TASK ITEM
Going through the entries below, copy out each line that contains "Jalisco".
##### LISTED RECORDS
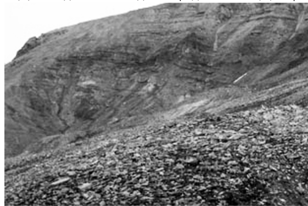
Гора Піраміда, яка дала назву шахті та селищу

У ньому мешкає 450 чоловік. «80-85 відсотків – українці», – повідомляє нам гід. Як і в радянські часи, це пере-
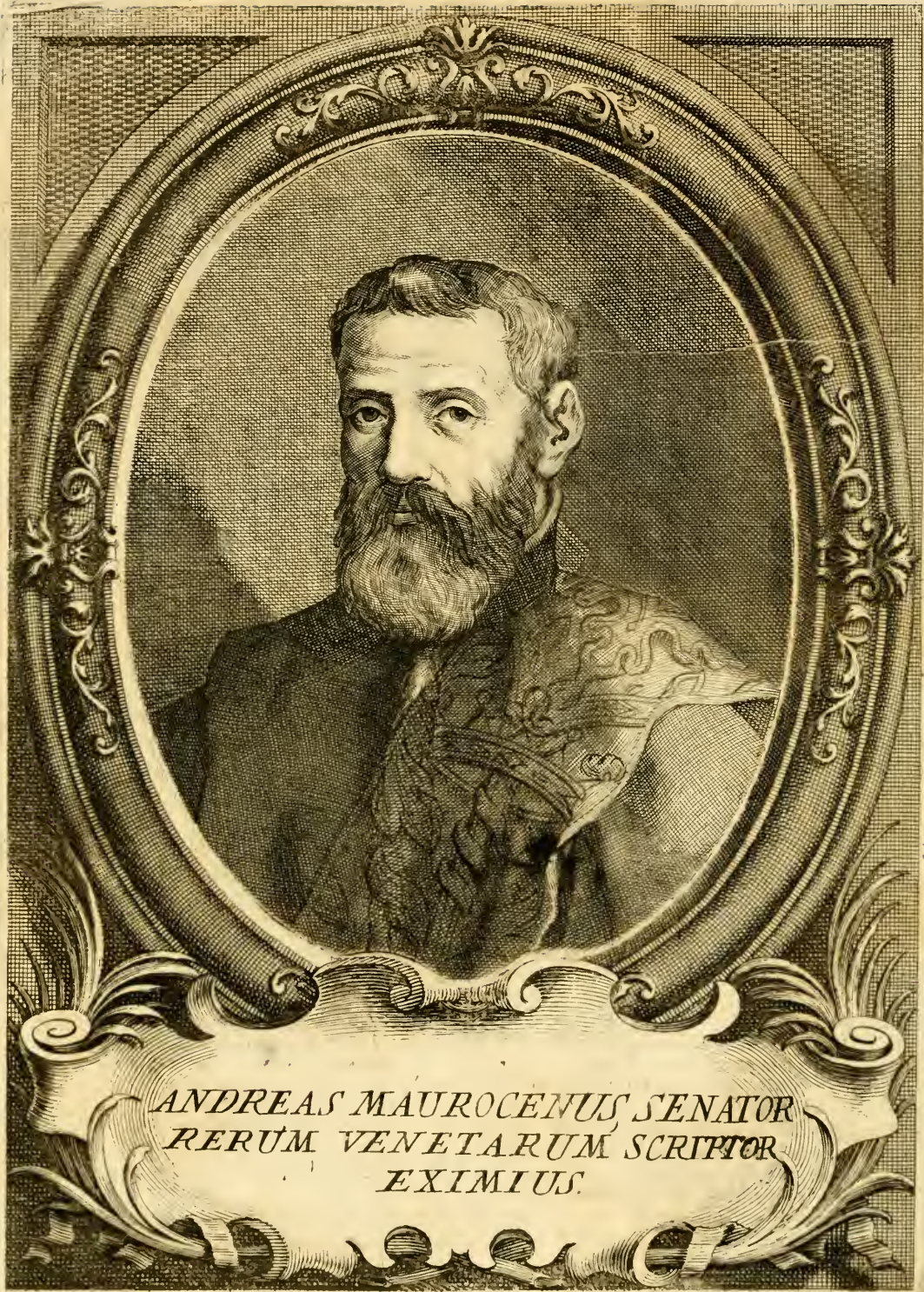
ANDREAS MAUROCENUS SENATOR RERUM VENETARUM SCRIPTOR EXIMIUS.
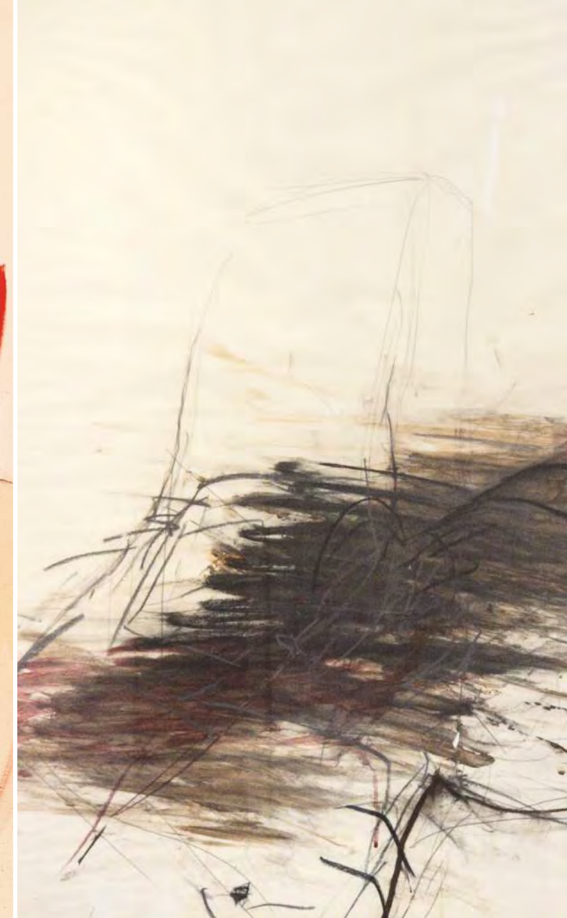
AKTive Chiffren übermalt, 70 x 100 (Ausschnitt)
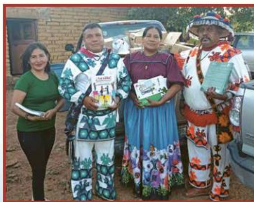
Los pueblos originarios de Jalisco se encuentran entre los grupos sociales de Jalisco con los cuales trabaja de cerca la organización Casa Cem.

Creada por dos mujeres en un espacio doméstico, con el simple fin de separar la basura, esta iniciativa está por cumplir dos décadas de ser parte esencial en la gestión de los residuos y el reciclaje en Jalisco
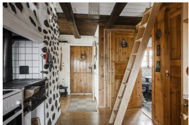
Leiter hoch zur Schlafloft
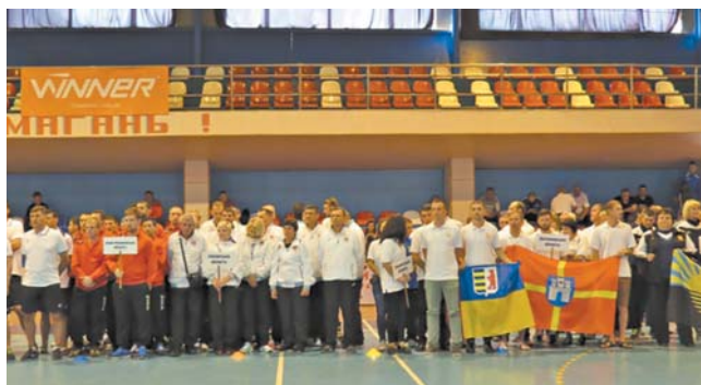
Команди-учасниці Всеукраїнської спартакіади держслужбовців.

У серпні на Олімпійських іграх в бразильському Ріо-де-Жанейро, нагадаємо, Микола Мільчев зупинився за крок від медалі, посівши четверте місце. Також саме Мільчеву була довірена висока честь та відповідальна місія нести прапор України на урочистій церемонії відкриття Ігор XXXI Олімпіади.
##########
COMPLETED TASK
Los pueblos originarios de Jalisco se encuentran entre los grupos sociales de Jalisco con los cuales trabaja de cerca la organización Casa Cem.
Creada por dos mujeres en un espacio doméstico, con el simple fin de separar la basura, esta iniciativa está por cumplir dos décadas de ser parte esencial en la gestión de los residuos y el reciclaje en Jalisco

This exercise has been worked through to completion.